Congressman Diane E. Watson - Representing California's 33rd Congressional District
For Immediate Release
July 29, 2005
Contact: Bert Hammond
(202) 225-7084

Lois Hill Hale
(323) 965-1422
 
 
 

Insensitivity Conflicts with Heritage

 
 

Washington, DC— The Mexican government recently stoked the flames of racial insensitivity by printing a series of postage stamps that celebrate a Sambo-like black child cartoon character known as Memin Pinguin.  The stamps' debut followed President Vicente Fox's controversial declaration that Mexican migrants are willing to fill jobs in the United States that "not even blacks want to do."

The two incidents drew criticism from American politicians and civil rights leaders.  The Rev. Jesse L. Jackson met with Mr. Fox in Mexico.  The Rev. Al Sharpton extended an invitation to Mr. Fox to meet with him in Harlem, which Mr. Fox reportedly accepted.  The Congressional Black Caucus sent a letter to Mr. Fox demanding that he withdraw the racially offensive stamps.

Slow on the uptake, Mr. Fox and many of his countrymen continue to express consternation and surprise at the outrage. But in some American eyes, the stamps and Mr. Fox's statement conjure up the stigma of race and class in Latin America.

The two incidents also suggest Mexico's ignorance of the role that Mexicans of African descent played in Mexican history and the development of its northern territories stretching from California to New Mexico.

Several of the most prominent Mexican families of the colonial era can trace their family progenitor to someone of African ancestry.  Their experience contrasts with today's Mexicans of African descent who are subjected to widespread social discrimination and economic privation.

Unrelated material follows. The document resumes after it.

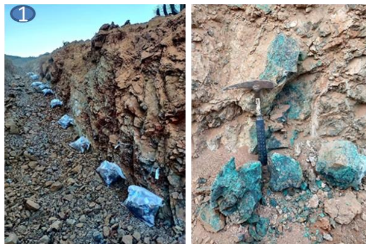
Example of systematic sampling and outcropping mineralized vein in a trench

A number of factors worked in favor of the upward mobility of early African-Mexican settlers.  Mexican independence in the early 19th century and the rise of republicanism made it easier for persons of African ancestry to secure land titles, grants and higher military rank.

The traditional caste system based on skin color and European ancestry lost some of its edge in the rough and tumble of frontier life.  The sizable presence of mixed-blooded Africans in Mexico and the territories also helped to ease social and economic mobility.  Out of this ferment emerged a number of African-Mexicans of accomplishment and rising social pedigree.

The success of the Tapia and Pico families, both of African-Mexican origin, admirably illustrates the point.

Born in 1789, Tiburcio Tapia entered the military and later became a successful merchant and served in the provincial legislature and twice as the mayor of Los Angeles.  The Picos took a similar route and are said to have achieved the greatest success and social prominence of any family of part-African descent. In 1845, Pio Pico became the last Mexican governor of California, and a year later he presided over the territory when it was overrun by the United States during the U.S.-Mexican War.

The era of relative racial harmony in California and elsewhere in the northern territories came to an abrupt end at the conclusion of the 1846-1848 Mexican War.  Under the terms of the Treaty of Guadalupe Hidalgo, Mexico handed over California and its northern territories to the United States. In 1849, delegates to the California constitutional convention voted to disenfranchise Native Americans, Mexicans and African descendants.

President Fox need not visit Harlem to seek atonement for his remarks and the actions of his government. He should summon the ancestral spirits of his countrymen - Pico; Tapia; Vicente Guerrero, Mexico's second president, whose background was racially mixed; and the thousands of other African-Mexicans whose blood has blended into the larger Mexican population.  He should embrace and celebrate the incipient spirit of inclusion and diversity that for a too-brief period germinated in California and elsewhere in the West.

And for those of us who live north of the border, the history of blacks in Mexico should be a lesson of the resilience of the human spirit and the fact that people will always migrate to areas where they believe their condition and that of their progeny will improve.